コバルトはまたすぐにネイビーに斬りかかった。ブンブンと何も考えずに剣を振るい、ネイビーはそれを嘲笑うかのようにかわしていく。そのうち、全く同じ単調な攻め方に、呆れてくるようになった。


そしてそれは大衆も同じだった。一方的にただ責めているだけで全てかわされている。一体何度同じことをすれば気が済むのかと。


「コバルト、初めて見たとき、もう少し頭の良いやつかとは思ったがなんだありゃ。あれじゃあ全く戦場には出れないぞ」


シアンもその戦い方を見てそう思った。銃撃戦で言えば下手な鉄砲あたる戦法。ただ闇雲に斬りかかってるだけ。


(コバルト、どうしちゃったの?あなた、そんな戦い方じゃ)


ピュアが心配そうにその様子を見守る。いったいいつまで同じことを続けるのか?


ネイビーは呆れ果てて、もはや避けるのも億劫になってる時に、コバルトは一旦手を止めてネイビーの様子を伺った。ネイビーはへらへらとコバルトを見ながらこう言った。

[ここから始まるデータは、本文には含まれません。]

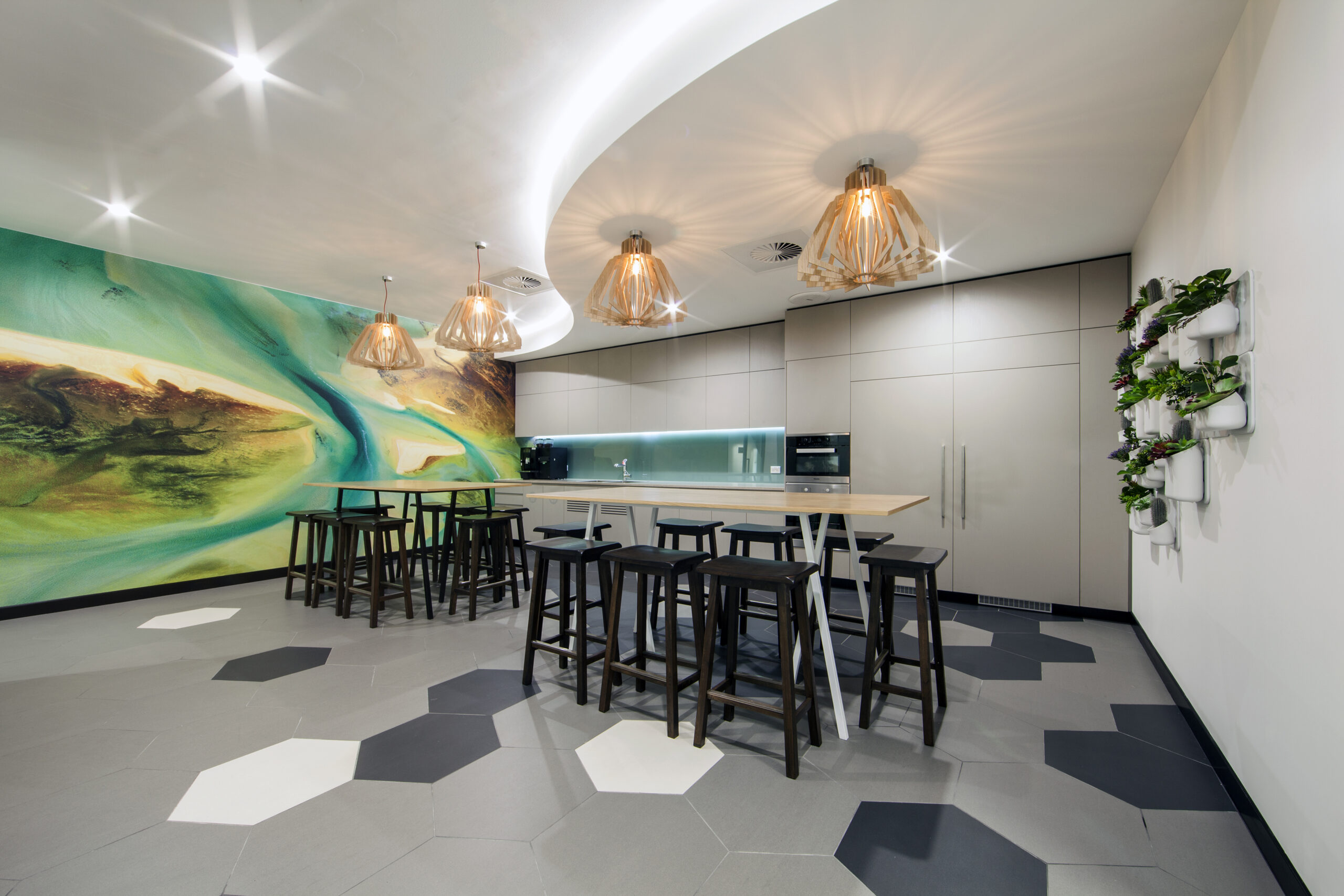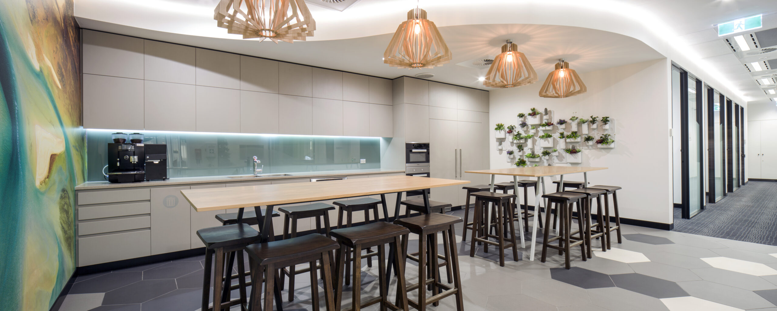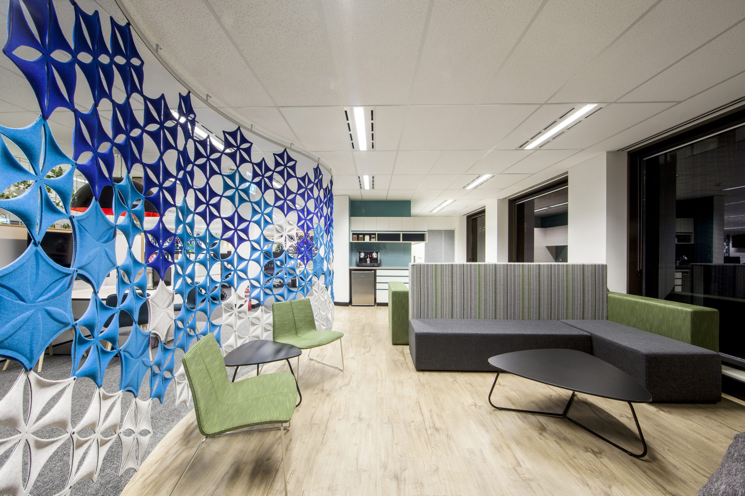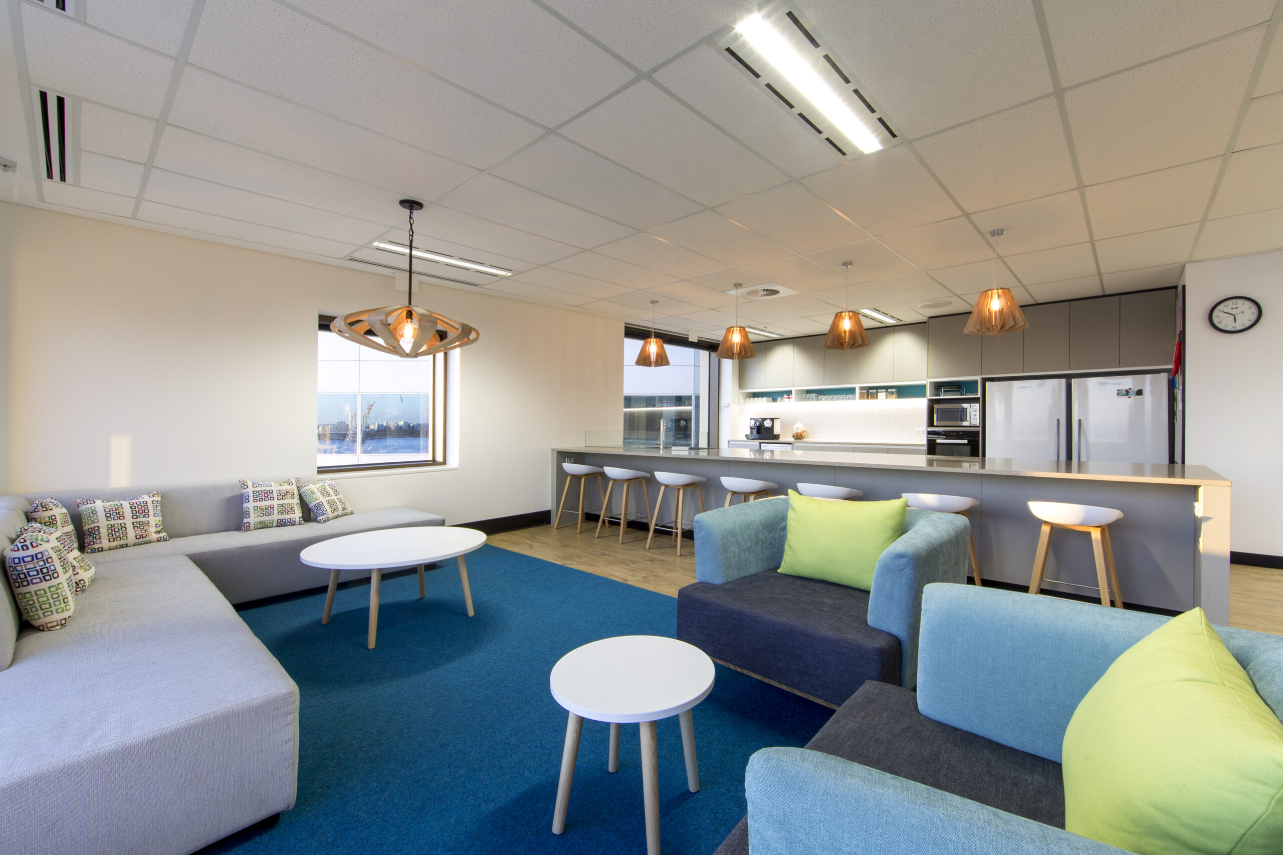 Open plan areas and multifunctional work zones were incorporated into the design and construction to reflect the operating style of this leading service provider.

「どうした?コバルト、もうおしまいか?まあ、そんな攻撃の仕方では一生かかっても私は倒せんがな。見るところによると、お前、その羽は鳩の羽だな。ハハハ、鳩が私に勝てるとでも?私はガルーダの化身よ。その私に挑むなんざ100年早い」


ネイビーがそういうと次の瞬間、コバルトはまたネイビーに向かって駆け出した。また同じ単調な攻撃か、とネイビーは思ったが、ネイビーに近づいた途端、コバルトは上に向かって剣を放り投げた。


ネイビーが驚いて上を見上げる。なんだ?何をした?上を見ている瞬間、コバルトの右ハイキックがネイビーの脇腹に炸裂する。


「ぐはぁ!」


ネイビーはコバルトに蹴りを入れられると、血を吐き、吹き飛んだ。そして地べたに倒れ込んだ。


「は、入った!一発はいった!先にコバルトが一発入れた!」


シアンが驚いてそう叫んだ。なるほど、闇雲に剣を振り回していたのはネイビーを油断させて、そしてまた同じ攻撃をすると思わせておいて、剣を上に放っている間に蹴りで一撃を入れるためだったのか、コバルト、やるな。


それにしてもなぜあんな発想ができるのだ?鳥族に。むしろあれは悪魔族のような頭のいい種族にしか考えられないような戦術だ。そんな風にシアンは考えていた。